Конечно, это и психотерапевтическая разрядка в напряженности житейских ситуаций, но не физического (тут – пьянство), а нравственного плана. Основание такого явления понятно. «Реализм» обращает свой взор на идею, в своих печалях пытаясь оттолкнуться от реальности вещи. Потому-то и нет в этой «матерной лае» никакого содержания (смысла), и потому же «не о том говорит» мужик в напряжении страсти, он просто взывает к «идее» предков, находя в ее изглашении словом некую колдовскую силу заклятия, которая способна облегчить его судьбу. Конечно, современное манерничанье в духе «а-ля мужик рюс» или подмены типа инфернального блин никакого отношения к психотерапевтическим упражнениям наших предков не имеют. Всё Средневековье говорило таким языком, а некоторые европейские литературные языки такими остались доныне.

Если же отвлечься от конкретных проявлений сквернословия, лени и пьянства у отдельных, к тому предрасположенных, личностей и взглянуть на дело идеально, с точки зрения национального инстинкта, который чутко реагирует на вызовы власти, станет ясно, что мы имеем дело с социальным раздражением, которое сменяется усталостью и завершается равнодушием. Таковы пассивные ответы народа на давление со стороны «непригожей» власти. Возможность активного ответа велика – от хулиганства и хамства до бунта и восстания. Хамство – «использование результатов высших этажей культуры, продуктов элитарного творчества для достижения низших этажей культуры, направленных на подрыв, нанесение ущерба высшей культуре. Хамство – одно из орудий традиционализма в борьбе с Большим обществом, с либерализмом» [Ахиезер 1998: 542]. Хулиганство же хамству противоположно – это «высшие этажи культуры» стремятся подавить и уничтожить традиционную культуру. Достаточно почитать современные газеты. Но подведем итог. Если лень – человек не у дела, пьянь – человек не у мысли, а хам – раздраженный словом все тот же человек, понятно, что явление то, и другое, и третье – глубоко социальны, и русское слово тут ни при чем. Во всех трех случаях видим разгул страсти, столь же пустой, сколь и разрушительной тоже.


Труд и работа

Труд не является ценностью в русской ментальности [Тульчинский 1996: 259]. Интересно, откуда взялась эта, ставшая расхожей, точка зрения? Русский человек, напротив, полагает, что «кто не способен работать по 16 часов в сутки – тот не имел права родиться и должен быть устранен из жизни как узурпатор бытия» [Ключевский IX: 378].

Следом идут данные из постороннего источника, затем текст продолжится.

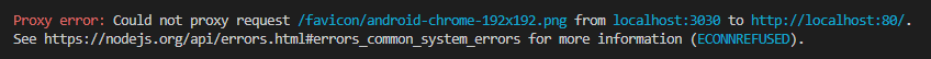Proxy error: Could not proxy request /favicon/android-chrome-192x192.png from localhost:3030 to http://localhost:80/.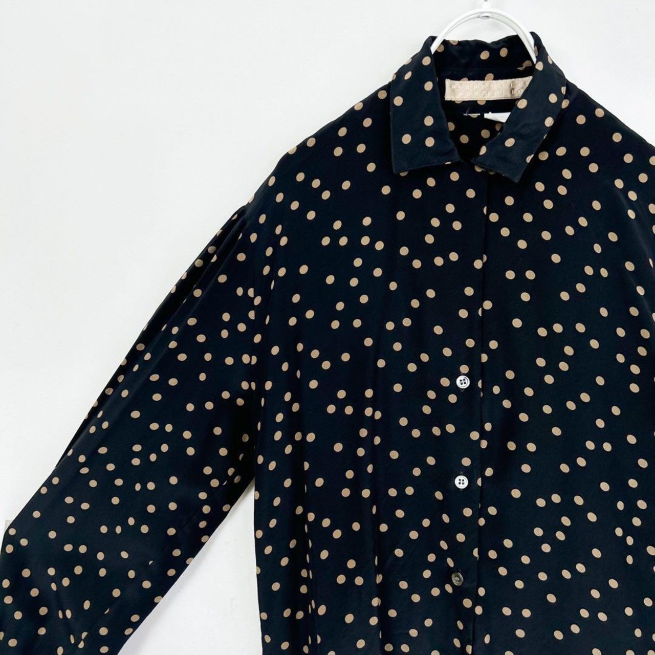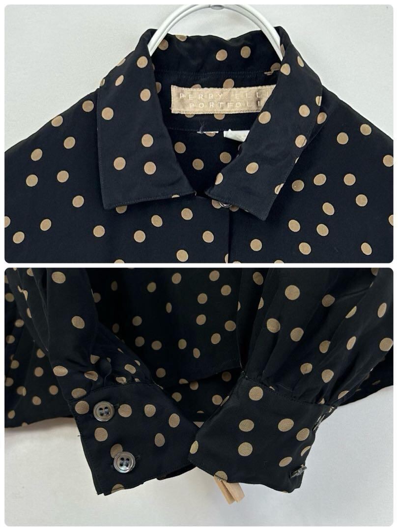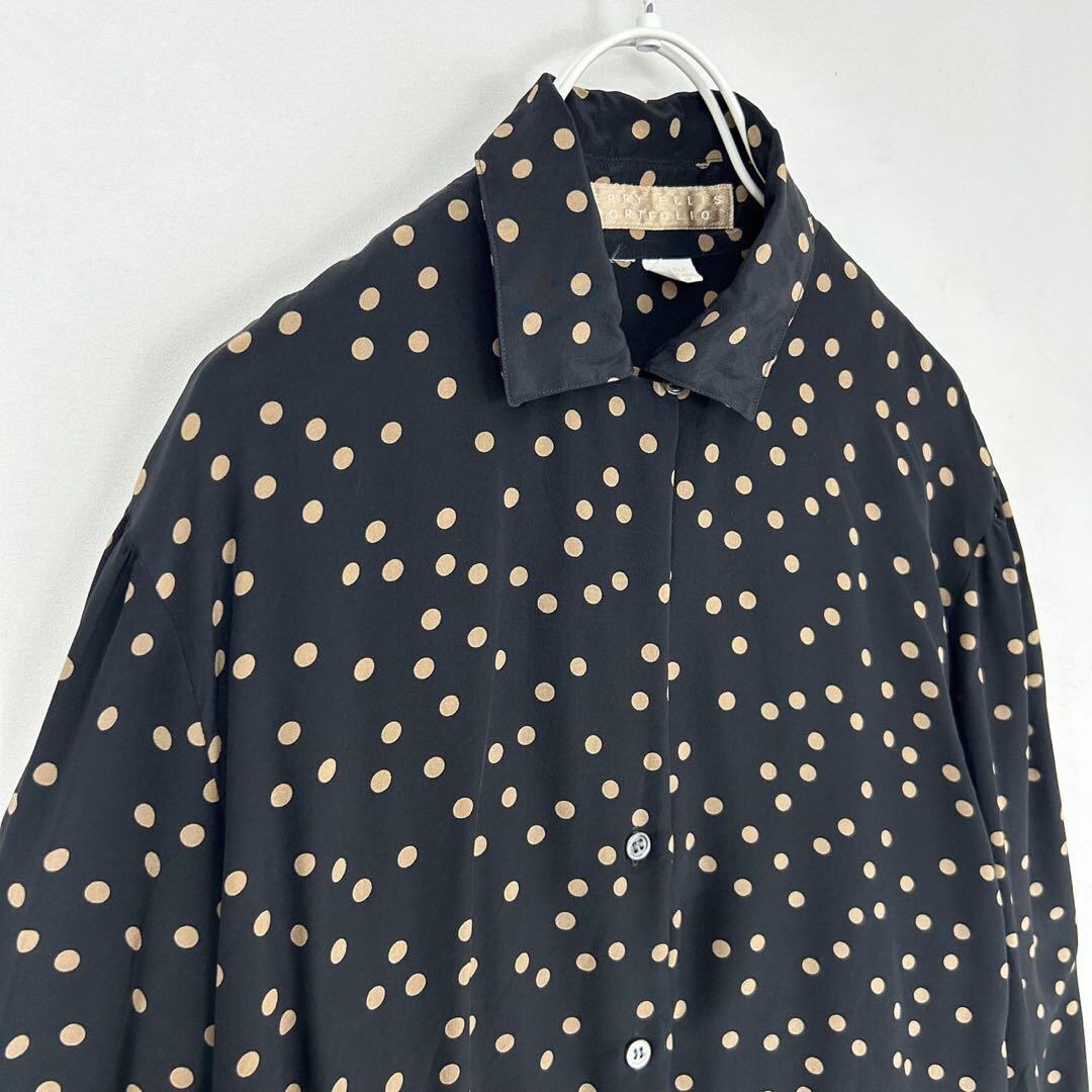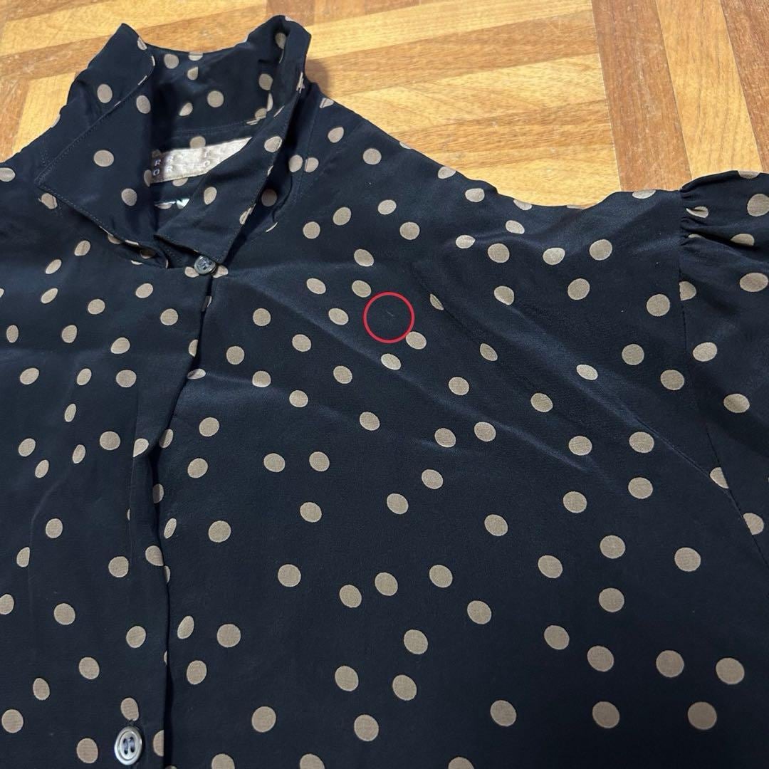 ドット柄 シルク 長袖 シルクブラウス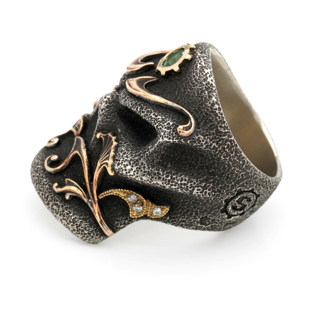 【限定&カスタム】 スターリンギア パンチャーステルスリング w/18kギア/ブラスアンティークパーツ/マレーシア産グリーンガーネット&ホワイトダイヤモンド/テクスチャー 【リングサイズUS11(日本サイズ24号)】

«Очень принято говорить о русской лени, – однако русский народ преодолел такие климатические, географические и политические препятствия, каких не знает ни один иной народ в истории человечества...» [Солоневич 1991: 32]. Да в чем же она, эта неизбывная русская лень, о которой так настойчиво говорят? В труде? в работе? в деле? Не смешивают ли номиналисты разные вещи, одно подменяя другим – обычное для них состояние?

Да, обычная подмена понятий, основанная на путанице в словах. Говоря собирательно о «труде» (бизнесдело), толкуют с позиции ratio-понятия, тогда как в троекратном повторении делотруд—работа гиперонима-понятия вовсе нет, а есть нерасчлененное сознанием идеальное сочленение трехкратного символа.

Так что «русский мужик есть деловой человек. И кроме того, он трезвый человек... Дело русского крестьянина – дело маленькое, иногда и нищее. Но это есть дело. Оно требует знания людей и вещей, коров и климата, оно требует самостоятельных решений и оно не допускает применения никаких дедуктивных методов, никакой философии. Любая отсебятина – и корова подохла, урожай погиб и мужик голодает... Мнение Буллита, бывшего посла в России: „Русский народ является исключительно сильным народом с физической, умственной и эмоциональной точки зрения“. А вот русская литература была великолепным отражением великого барского безделья. Русский же мужик, при всех его прочих недостатках, был и остался деловым человеком...» [Солоневич 1991: 185—186].

И так было всегда.

У героя его дело, у святого его «потовый труд» (слова Розанова). «Труд – это потребность таланта» – сказано веско и справедливо; а талантами Русь богата. Обычному человеку остается работа, то есть каждодневный нетворческий – рабский – труд. Именно работа, усиленная, тяжелая, справленная напряженно и споро, но длится она недолго: нет у русского человека навыка к постоянному труду. И Иван Солоневич, и Василий Ключевский [Ключевский I: 315] объясняют, почему так сложилось: природные и социальные условия жизни создали особый ритм производства. Не смешивают ли критики труд и дело с рабской работой, от которой, надо полагать, старается отлынивать не только русский человек?

А между тем и сопутствующие особенности социального поведения (проявления характера) различают три ипостаси труда: работа связана с дурью, труд – с ленью, а дело – с завистью.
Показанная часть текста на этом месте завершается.